Namun, bertentangan dengan tinjauan ilmiah tahun 2014, beberapa penelitian menunjukkan bahwa bentuk kemarahan tertentu sebenarnya dapat memberi kita perlindungan terhadap kejadian kardiovaskular.
Dalam studi tahun 2011 yang diterbitkan di American Heart Journal, para peneliti menganalisis bagaimana berbagai jenis kemarahan memengaruhi risiko orang terkena penyakit jantung koroner (PJK).

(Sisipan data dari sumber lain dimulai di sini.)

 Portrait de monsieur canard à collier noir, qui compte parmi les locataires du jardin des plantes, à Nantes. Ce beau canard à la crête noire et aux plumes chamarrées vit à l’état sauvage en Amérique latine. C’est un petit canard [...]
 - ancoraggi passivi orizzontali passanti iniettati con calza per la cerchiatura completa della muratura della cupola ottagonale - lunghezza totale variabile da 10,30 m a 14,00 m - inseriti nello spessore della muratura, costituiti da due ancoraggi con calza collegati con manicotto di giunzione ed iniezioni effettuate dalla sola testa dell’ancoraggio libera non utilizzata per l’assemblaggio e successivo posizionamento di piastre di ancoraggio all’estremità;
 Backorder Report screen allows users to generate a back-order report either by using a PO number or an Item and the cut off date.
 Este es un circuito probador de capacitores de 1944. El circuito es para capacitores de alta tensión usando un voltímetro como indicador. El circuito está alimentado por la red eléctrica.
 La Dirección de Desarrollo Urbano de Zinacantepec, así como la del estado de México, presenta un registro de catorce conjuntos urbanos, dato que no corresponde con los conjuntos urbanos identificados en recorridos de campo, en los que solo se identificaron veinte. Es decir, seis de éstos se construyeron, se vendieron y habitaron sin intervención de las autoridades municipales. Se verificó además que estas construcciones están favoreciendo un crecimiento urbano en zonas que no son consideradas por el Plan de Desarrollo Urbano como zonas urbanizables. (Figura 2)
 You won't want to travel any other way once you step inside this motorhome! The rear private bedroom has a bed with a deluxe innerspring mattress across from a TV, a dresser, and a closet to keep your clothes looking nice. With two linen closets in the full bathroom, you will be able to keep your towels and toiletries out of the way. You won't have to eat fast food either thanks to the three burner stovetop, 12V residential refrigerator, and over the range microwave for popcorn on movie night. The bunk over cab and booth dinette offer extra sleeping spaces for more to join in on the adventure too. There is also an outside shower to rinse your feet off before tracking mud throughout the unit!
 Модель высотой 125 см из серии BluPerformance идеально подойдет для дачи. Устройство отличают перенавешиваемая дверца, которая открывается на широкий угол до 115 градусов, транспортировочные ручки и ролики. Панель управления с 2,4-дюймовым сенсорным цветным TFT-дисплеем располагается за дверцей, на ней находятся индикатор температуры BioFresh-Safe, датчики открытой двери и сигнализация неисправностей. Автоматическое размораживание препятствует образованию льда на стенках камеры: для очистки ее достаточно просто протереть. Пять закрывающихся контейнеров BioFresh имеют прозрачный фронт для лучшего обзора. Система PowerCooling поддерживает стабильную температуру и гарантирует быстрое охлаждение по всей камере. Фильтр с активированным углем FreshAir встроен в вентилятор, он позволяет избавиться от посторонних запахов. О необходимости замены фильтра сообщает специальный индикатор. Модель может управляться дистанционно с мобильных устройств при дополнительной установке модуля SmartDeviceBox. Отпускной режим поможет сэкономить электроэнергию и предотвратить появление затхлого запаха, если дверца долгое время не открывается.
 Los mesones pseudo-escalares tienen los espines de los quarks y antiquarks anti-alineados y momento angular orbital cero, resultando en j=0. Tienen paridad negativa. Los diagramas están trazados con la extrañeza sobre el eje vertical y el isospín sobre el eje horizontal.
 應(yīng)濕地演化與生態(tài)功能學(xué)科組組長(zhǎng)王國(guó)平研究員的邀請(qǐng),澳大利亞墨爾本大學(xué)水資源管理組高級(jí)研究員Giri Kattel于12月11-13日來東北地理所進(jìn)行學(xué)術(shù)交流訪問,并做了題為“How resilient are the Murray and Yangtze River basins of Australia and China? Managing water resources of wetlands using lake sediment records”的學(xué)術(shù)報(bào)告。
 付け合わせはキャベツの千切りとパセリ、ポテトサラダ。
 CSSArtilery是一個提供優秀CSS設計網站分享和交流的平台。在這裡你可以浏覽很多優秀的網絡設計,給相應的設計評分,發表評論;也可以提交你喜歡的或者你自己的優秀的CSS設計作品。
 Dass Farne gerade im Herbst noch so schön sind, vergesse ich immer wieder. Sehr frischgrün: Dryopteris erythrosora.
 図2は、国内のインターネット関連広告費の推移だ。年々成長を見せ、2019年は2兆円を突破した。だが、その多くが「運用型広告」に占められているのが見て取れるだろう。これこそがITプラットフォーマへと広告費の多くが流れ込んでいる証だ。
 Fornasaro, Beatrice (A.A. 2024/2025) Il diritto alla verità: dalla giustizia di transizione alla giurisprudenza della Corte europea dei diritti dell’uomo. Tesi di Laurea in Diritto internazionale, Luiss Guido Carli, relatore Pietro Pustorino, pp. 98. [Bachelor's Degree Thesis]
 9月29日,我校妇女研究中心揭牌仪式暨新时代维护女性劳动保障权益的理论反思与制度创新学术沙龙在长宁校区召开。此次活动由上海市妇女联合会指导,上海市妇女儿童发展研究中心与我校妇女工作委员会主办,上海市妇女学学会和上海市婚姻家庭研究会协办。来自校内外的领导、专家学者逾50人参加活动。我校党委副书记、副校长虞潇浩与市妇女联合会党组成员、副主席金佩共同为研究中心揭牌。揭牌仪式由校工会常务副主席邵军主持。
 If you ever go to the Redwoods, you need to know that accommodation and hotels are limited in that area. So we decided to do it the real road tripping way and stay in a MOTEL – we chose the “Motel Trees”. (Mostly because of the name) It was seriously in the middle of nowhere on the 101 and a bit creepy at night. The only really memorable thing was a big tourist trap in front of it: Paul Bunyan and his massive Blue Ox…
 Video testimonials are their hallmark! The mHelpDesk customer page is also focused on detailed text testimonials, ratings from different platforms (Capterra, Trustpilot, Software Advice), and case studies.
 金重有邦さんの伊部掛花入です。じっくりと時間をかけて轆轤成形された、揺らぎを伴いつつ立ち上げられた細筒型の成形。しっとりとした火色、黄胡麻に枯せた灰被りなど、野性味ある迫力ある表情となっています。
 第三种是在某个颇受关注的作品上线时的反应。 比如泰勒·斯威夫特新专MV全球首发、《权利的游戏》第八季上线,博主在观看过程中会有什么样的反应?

Tim peneliti berfokus pada tiga jenis kemarahan yang berbeda. Yang pertama adalah ekspresi kemarahan yang konstruktif, atau kemarahan yang diekspresikan kepada orang lain tetapi dengan tujuan untuk menyelesaikan konflik. Tipe kedua adalah pembenaran kemarahan destruktif, yang ditandai dengan sikap menyalahkan dan defensif. Jenis kemarahan ketiga yang diamati oleh para peneliti adalah perenungan kemarahan yang merusak, yang berkaitan dengan menyimpan dendam dan kemarahan yang terus meningkat seiring berjalannya waktu.
Temuan penelitian menunjukkan hubungan antara laki-laki dengan ekspresi kemarahan konstruktif yang tinggi dan penurunan tingkat penyakit jantung koroner selama periode tindak lanjut selama satu dekade. Sebaliknya, tingkat insiden penyakit jantung koroner yang lebih tinggi terlihat pada mereka yang diuji dengan sangat tinggi untuk pembenaran kemarahan yang merusak.
Secara keseluruhan, studi-studi ini menyoroti perlunya eksplorasi lanjutan tentang jenis pengobatan. Juga mengenai strategi modifikasi perilaku apa yang dapat membantu dalam mengurangi risiko kejadian kardiovaskular terkait kemarahan pada pasien berisiko tinggi.